Desde que eu terminei o colegial e parei de me mudar anualmente ou até mesmo semestralmente com a minha família quando alguém da escola descobria sobre a minha disfunção anatômica e biológica, comecei a trabalhar com os meus pais no escolar.

Meu pai largou seu emprego como professor universitário logo após minha entrada na pré-escola. Depois que o primeiro boato se espalhou e eu não consegui me adaptar em nenhuma outra escola da cidade - além de não ter sido aceita por algumas - papai pediu dispensa da função e nos mudamos.

Após a nossa primeira mudança ele passou a pegar contratos temporários como professor de literatura no ensino médio. Minha mãe alternava em períodos entre dona de casa e motorista de ônibus. Incomum? Foi assim que ela e meu pai se conheceram. Meu pai terminava o mestrado quando num dia atípico seu carro quebrou e ele teve de pegar ônibus por uma semana. A jovem motorista sorridente e de olhos pequenos logo chamou sua atenção e, assim, no lugar de pegar ônibus por uma semana ele pegou até o fim da pós-graduação, quando enfim teve coragem de chamar a condutora para sair. Namoraram, casaram e me conceberam. E agora estamos aqui outra vez. Aonde paramos? Sim. Nas constantes mudanças.

E assim a cena repetiu-se uma dezena de vezes até que parei de contar. Estava exausta de reviver sempre o mesmo início. Sempre a novata que todo mundo quer conhecer, e que me conhecessem era a última coisa que eu queria, porque daí até "A Karla é um traveco!", "Karlinha tem um pinto entre as pernas.", "Você não pode estudar com a gente, é nojento.", "Ão, ão, ão, Karlinha aberração!", era um pulo.

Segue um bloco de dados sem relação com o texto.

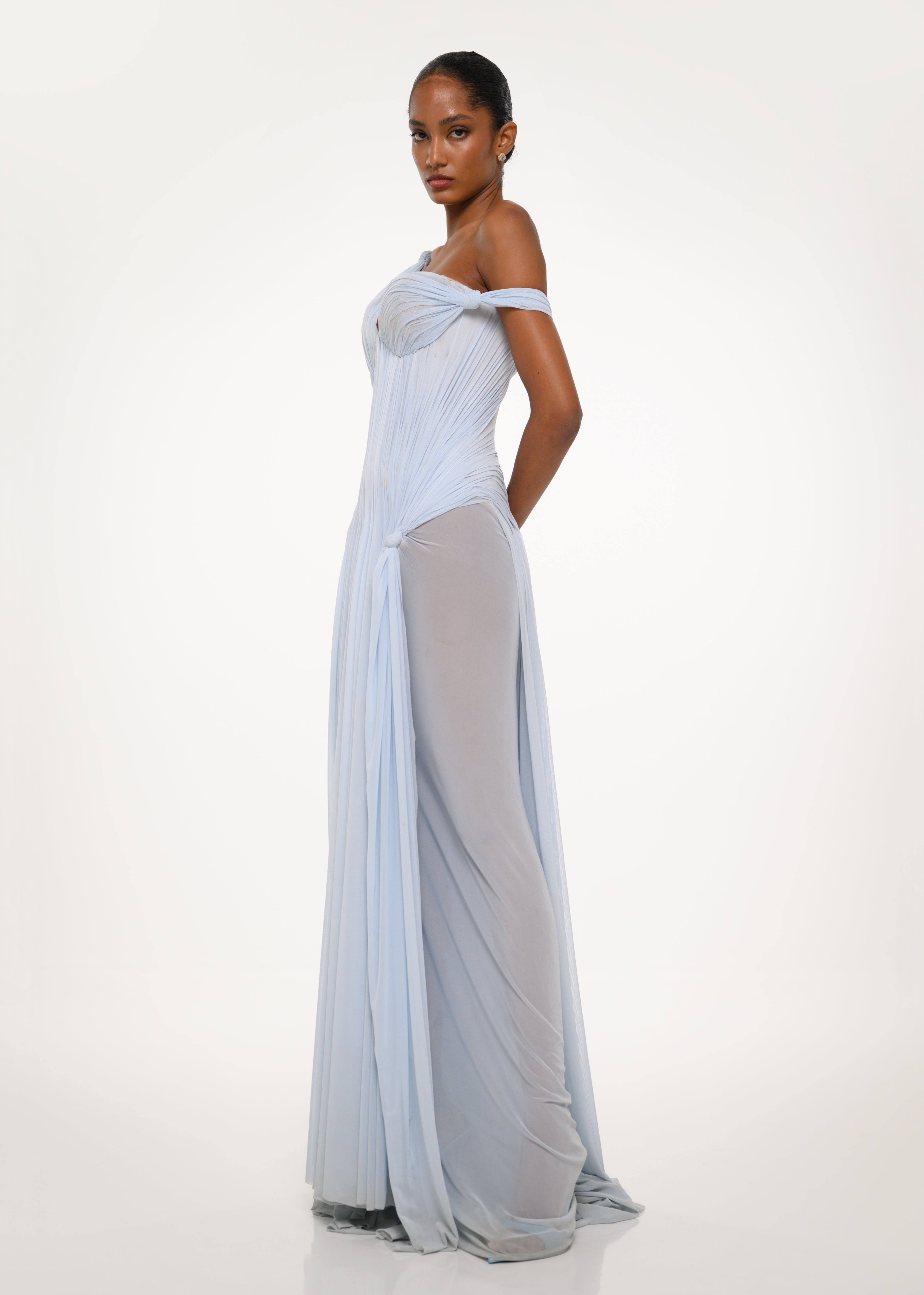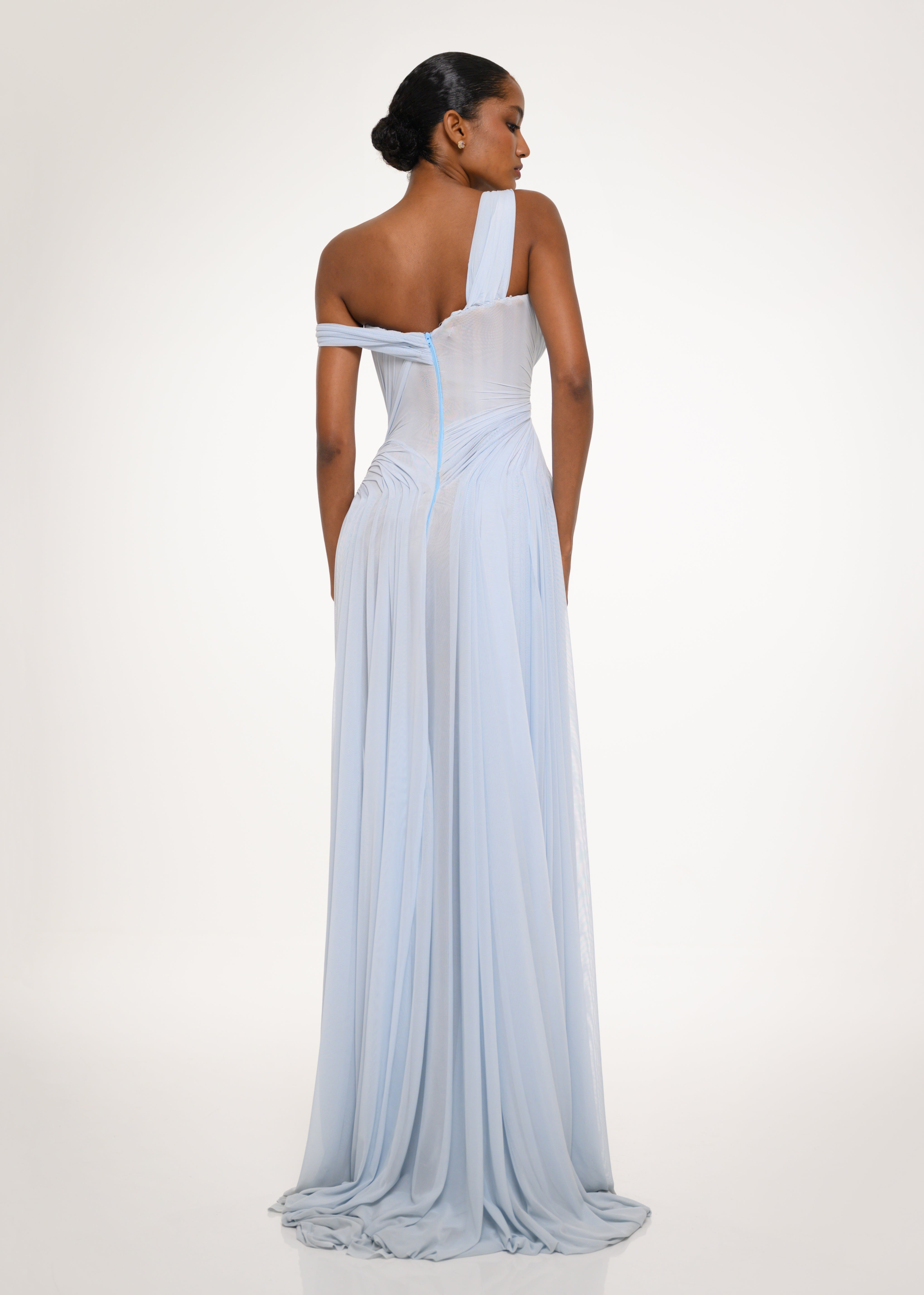 A sculpted ice blue gown with a corset bodice, soft off-shoulder draping, and fluid chiffon layers — effortlessly elegant and ethereal.

Quando eu entrei para o ginásio as coisas pioraram. Às 16h da tarde de uma quarta-feira os garotos mais brincalhões da escola resolveram tirar a limpo o boato - que dessa vez não havia chegado aos meus ouvidos antes. - Tiraram a minha roupa e me lançaram para fora dos vestiários, onde um grande grupo de alunos me esperavam. Riram, me chutaram. Gargalharam, me cuspiram. Levaram minhas roupas e também minha dignidade.

Minha mãe àquela época estava grávida de Sofia, minha irmã mais nova, e quase teve treco quando recebeu a ligação da escola. Eu me sentia mais que humilhada, eu me sentia um lixo. E foi com esse pensamento que eu pedi ao meu pai que me levasse para cortar o pinto. Usei essas palavras. Não era como se aquilo não fizesse parte de mim. Era a minha pele, a minha carne, um pedaço de mim, mas naquele momento só significava a imagem da minha humilhação.

Consultamos alguns especialistas e ouvimos diversas opiniões. A maioria deles me olhava como se eu fosse um bicho. Os toques eram ávidos de descoberta. Até que depois de encontrar muita burocracia para uma cirurgia de redesignação de sexo no país partimos, minha mãe - grávida de Sofia, que ainda não tinha nome, meu pai e eu para a Tailândia. Ficaríamos pouco tempo no país, apenas tempo o suficiente para realizar o procedimento e o resguardo pós-operatório.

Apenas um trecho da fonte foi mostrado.